The Keeping Your Retirement Act and the Increasing Retirement Amount Act give workers “more control over their own retirement savings,” Kennedy said.

As it stands now, individuals who are at least 72 years old must make RMD withdrawals from their retirement accounts. “These premature withdrawals can unnecessarily shrink people’s hard-earned savings,” Kennedy said.

RMDs “also increase the taxable income of seniors who are still working, which may push some seniors into higher income brackets and potentially increase their tax liability,” Kennedy said.

The Increasing Retirement Amount Act would increase the IRA contribution limit to $12,000 per year for individuals without a retirement plan at work and boost the IRA contribution limit to $15,000 per year for individuals who are at least 50 years old and who don’t have a workplace retirement plan.

“Americans cannot contribute more than $6,000 per year to their IRAs, whether or not their employers offer a retirement plan,” Kennedy said.

“Contributions to traditional IRAs are tax-deductible,” he added. “In 2017, 50% of IRA owners who contributed to their traditional IRAs made the maximum contribution. As of March 2020, 29% of American workers did not have access to a retirement plan through their employers.”

Other Legislative Moves

Kennedy joins other lawmakers who’ve recently floated similar retirement savings bills.

Sens. Ben Cardin, D-Md., and Rob Portman, R-Ohio, recently reintroduced S. 1770, the Retirement Security & Savings Act, which includes a few new provisions.

The Portman-Cardin legislation, like Kennedy’s bills, could get rolled into the Secure Act 2.0 — which passed the House Ways and Means Committee on May 5.

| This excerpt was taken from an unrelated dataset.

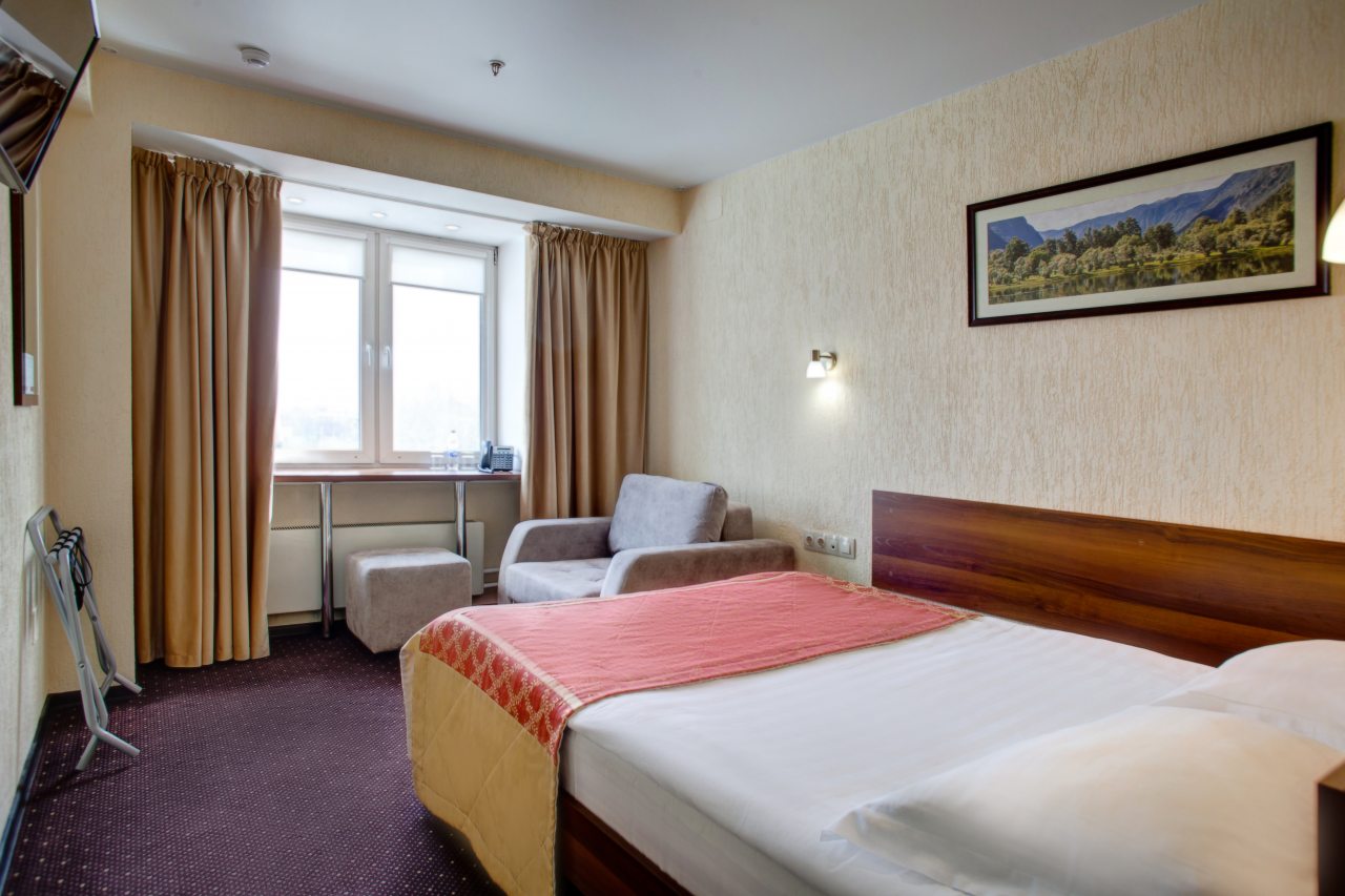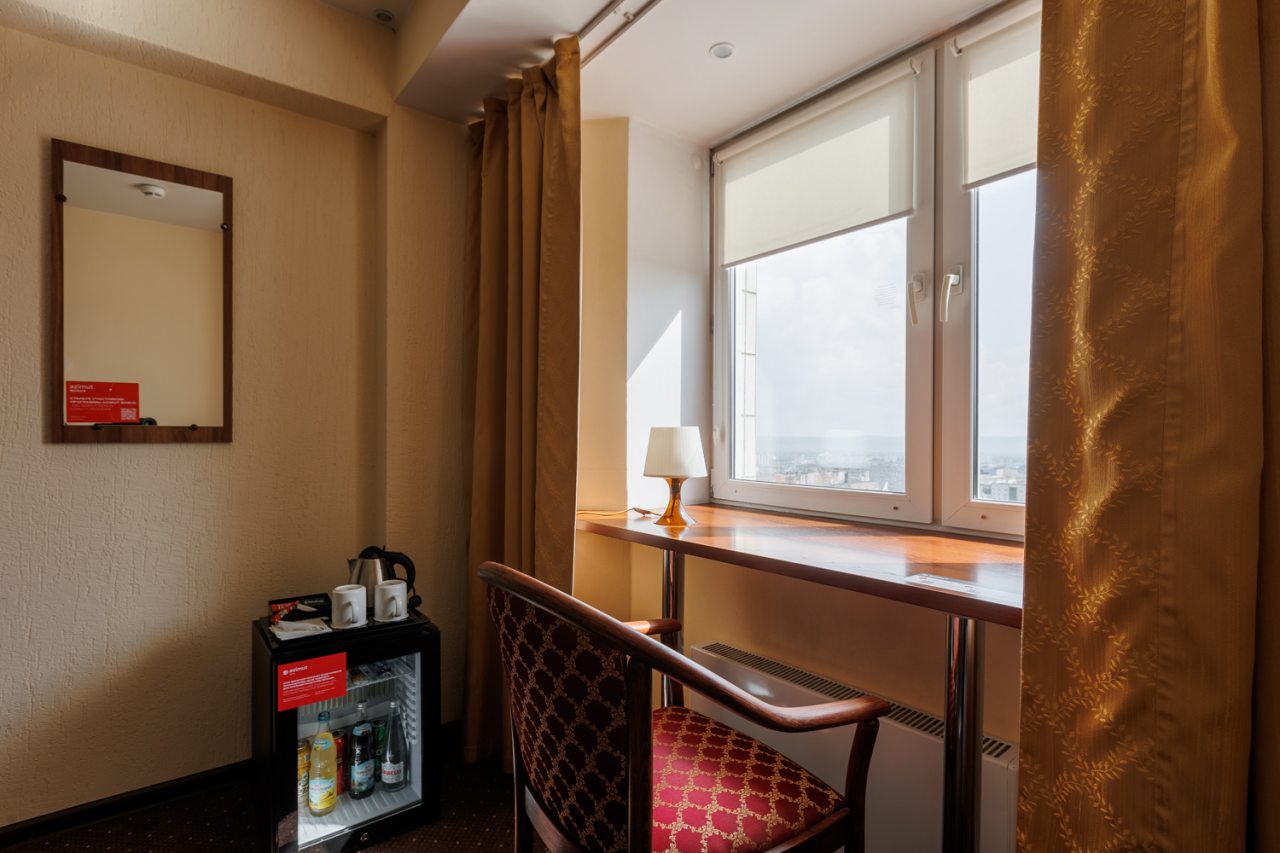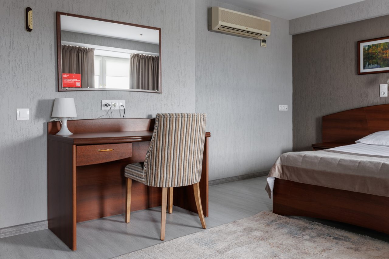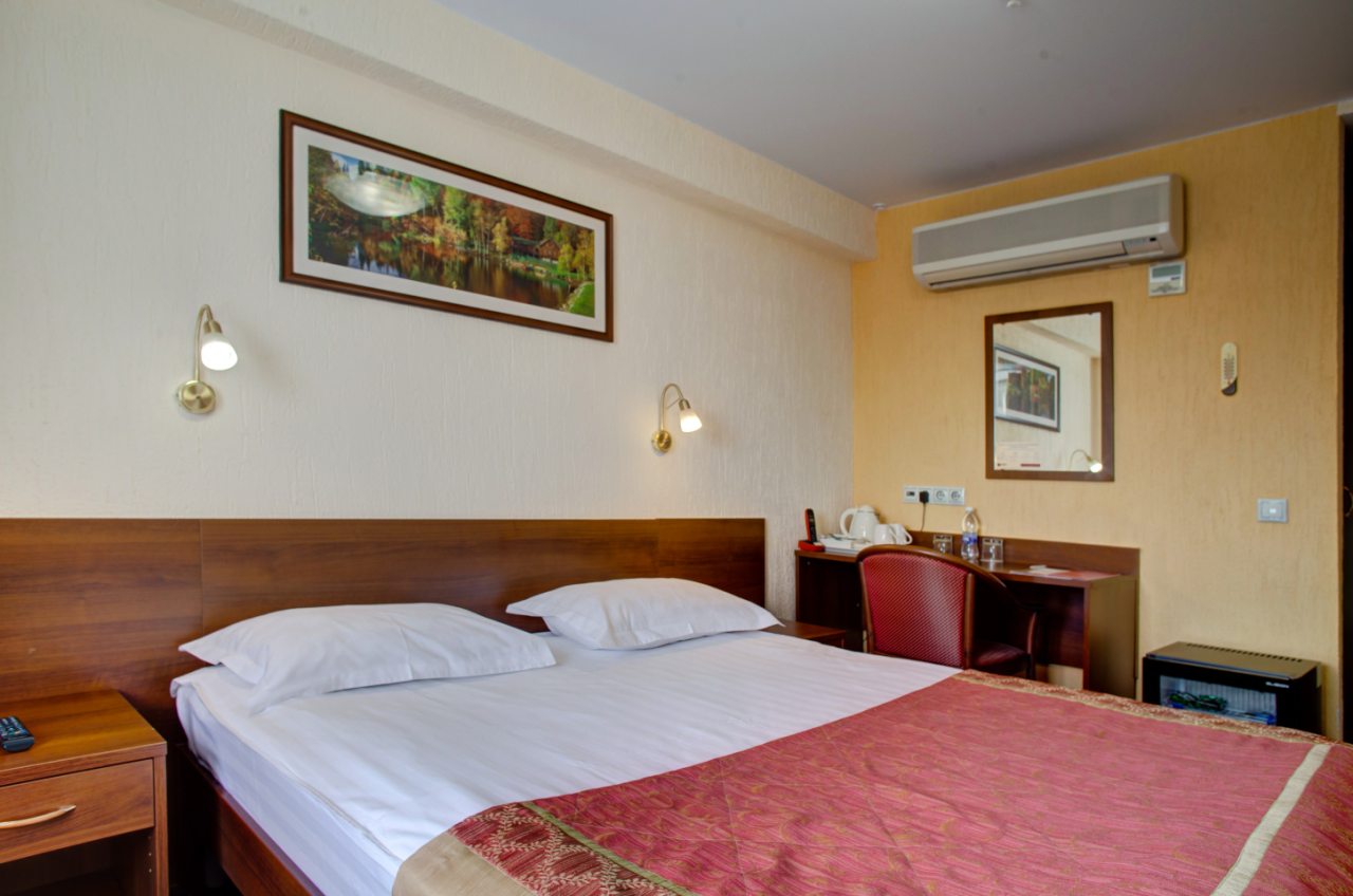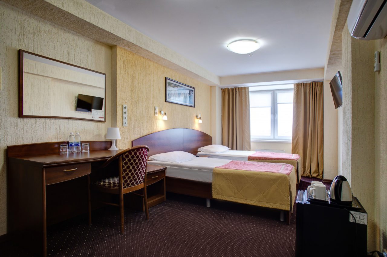 Гостиница большая, в ней предлагается много номеров и отличный сервис. На 4 звезды все соответствует, как и обещано. Мы располагались в двухместном комфорте с одной большой кроватью. В нем хороший современный ремонт, ковровое покрытие было чистым. На окнах плотные шторы, тщательно закрывающие от дневного света. Есть стол большой и зеркало, телевизор. В душе сантехника современная плюс есть бойлер, благодаря которому горячая вода была постоянна в номере.

Brad Campbell, partner at Faegre Drinker in Washington, told ThinkAdvisor recently that while Secure 2.0 will likely get a House vote this summer, it’s unclear when the huge retirement bill will come up for a Senate vote as retirement-related bills continue to be floated.

“It is not clear whether they [lawmakers] intend to develop and move a bill independently, or to react to the Secure Act [2.0] when it comes over from the House,” Campbell told ThinkAdvisor.

There is “wide, bipartisan support for these [retirement-related] bills, and a variety of possible paths, but the mechanics of passing them are still somewhat murky,” Campbell added. “I remain fairly confident, however, that some version of the [Secure Act 2.0] legislation has a good chance of passing this year.”